More of my work

Since 2006 I have worked as director of the research consultancy Urban Pollinators, and more recently as a senior research fellow at Sheffield Hallam University. You can find about more about my professional life on the Urban Pollinators website, as well as an extensive archive of work-related writing and research reports. I’m also on LinkedIn.

I’ve written a book, How to Save Our Town Centres, which grew out of the crisis of confidence that followed the 2008 financial crash and the subsequent recession. It sets out an alternative agenda for the future of our towns and cities which, it’s fair to say, hasn’t been welcomed by people who think our town centres should be filled with bigger and shinier shops and bigger and shinier property projects. An edited collection, Urban Crisis, Urban Hope, was published by Anthem Press in 2020. This was a joint project with Professor Rowland Atkinson at the Department of Urban Studies and Planning at the University of Sheffield.

Urban Pollinators also helped to publish and crowdfund Incredible! Plant Veg, Grow a Revolution. Written by Joanna Dobson with Pam Warhurst, it tells the story of the inspiring Incredible Edible movement that started in Todmorden, West Yorkshire, and is encouraging people worldwide to rethink local food systems.

My previous blog, Living with Rats, grew out of my role as editorial director of New Start magazine, which I co-founded in 1999 and left in 2010. It has a broad focus on place and community. All the posts are still visible.
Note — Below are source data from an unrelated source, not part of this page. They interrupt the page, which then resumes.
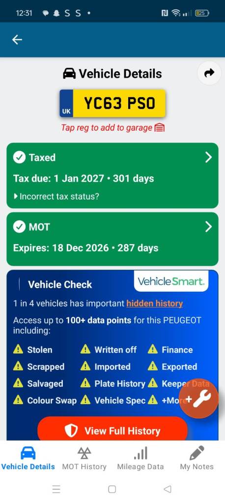 Buy the full report for guaranteed data accuracy, outstanding finance, valuation, milage check & VIN match for £9.99 (normally £19.99)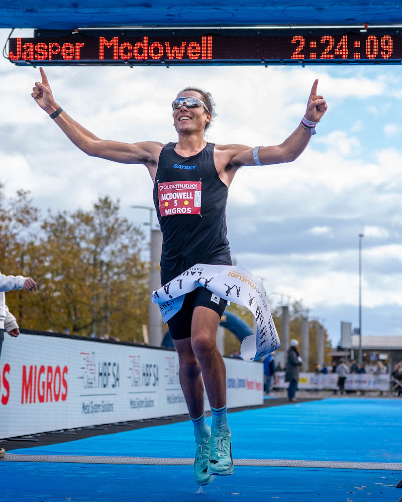 Le Genevois Jasper McDowell, vice-champion suisse, a remporté sa première grande victoire sur le marathon lausannois. Deuxième en 2024, il s’impose cette année en 2h24’10, après une course parfaitement gérée.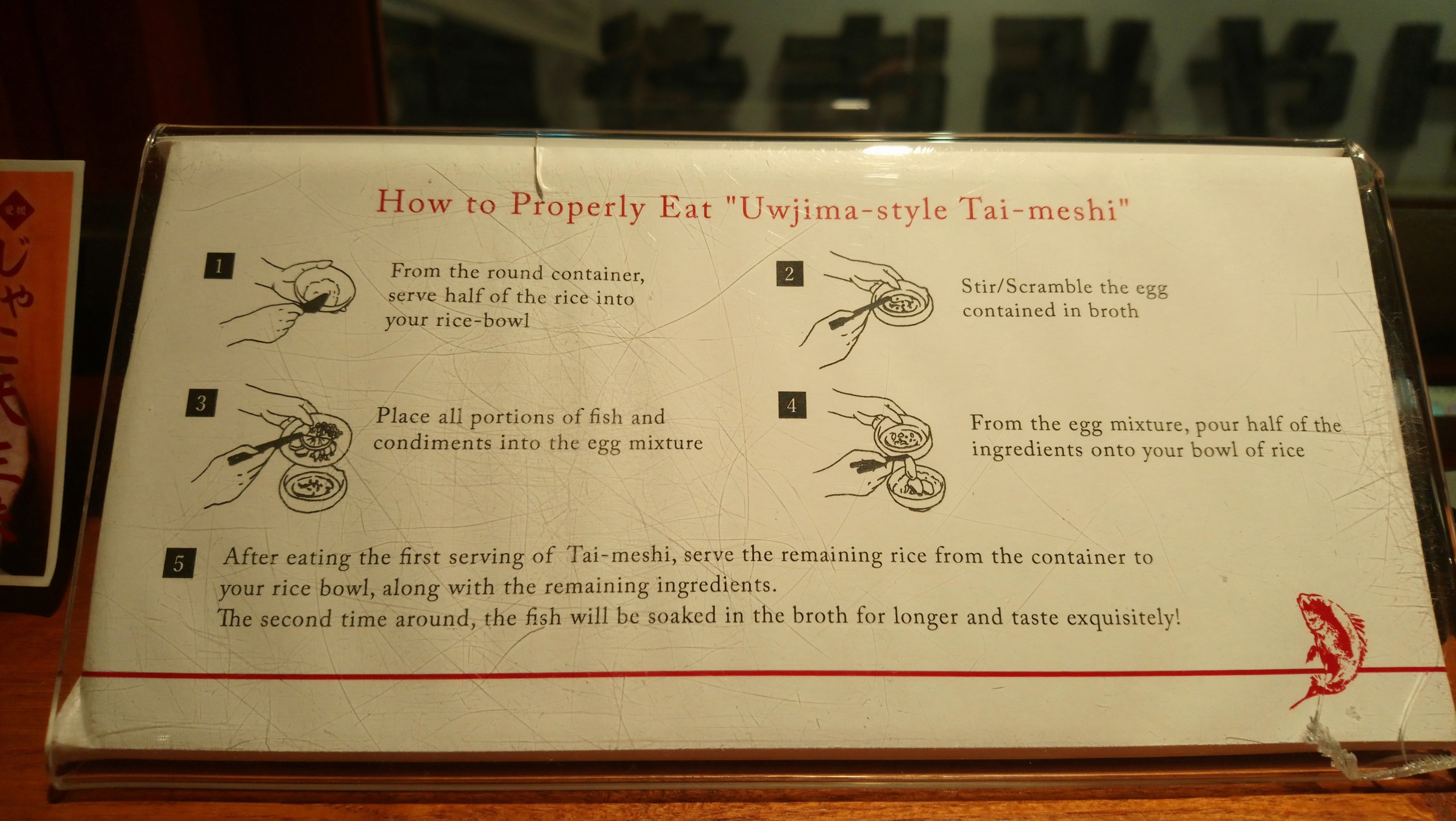 J’ai passé aussi un long moment au onsen en fin d’après midi, hier, et ce matin, et entre temps, je me suis promenée au dogo parc. Un bel endroit, un espace pour les vrais gens, on y vient pour lire, jouer, se reposer, courir ou faire un petit tour avec ou sans chien. Dans un passage, j’ai découvert un restaurant « Gansui » et chaque repas fut un régal. Le riz le midi était grillé en dessous car conservé sur une plaque chauffante. Les fines tranches de dorade fondaient en bouche. Et le soir, j’ai composé le plat en mélangeant un œuf frais avec de la dorade crue et des condiments sans oublier le riz. Ça s’appelle un Tai-maki, en voici l’explication :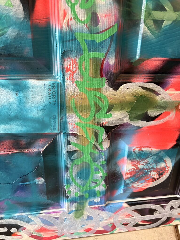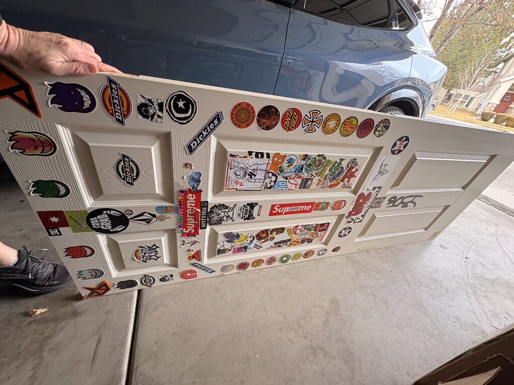 I have the standard size interior door that has a crack in it and a lot of stickers and spray paint graffiti.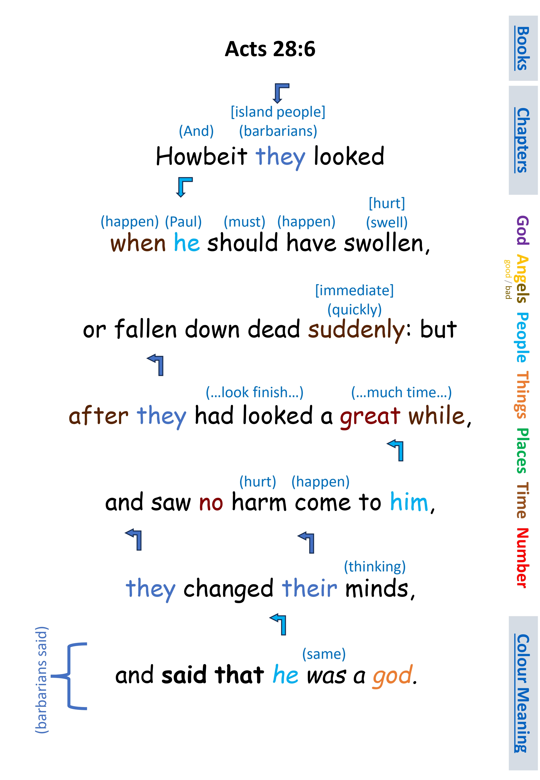 Act 28:6 Howbeit they looked when he should have swollen, or fallen down dead suddenly: but after they had looked a great while, and saw no harm come to him, they changed their minds, and said that he was a god.

Alongside my work at Urban Pollinators I am also involved in academic research. Having completed a doctoral study of transitions to a low carbon society and institutional change with the Centre for Regional Economic and Social Research (CRESR) at Sheffield Hallam University, I spent two years supporting the Improving Wellbeing through Urban Nature project at the Department of Landscape at the University of Sheffield. Since July 2020 I’ve been working as a senior research fellow at CRESR. I’ve been involved in a range of research and evaluation projects: details of recent work can be seen here. Links to journal articles and so on are on my Orcid profile and at Researchgate.

Between 2016 and 2020 I was a trustee of the Sheffield-based charity Baby Basics, which provides essential support to new parents who are vulnerable or destitute, including asylum seekers, homeless people and families escaping abuse. I was previously a trustee of the Centre for Local Economic Strategies for several years.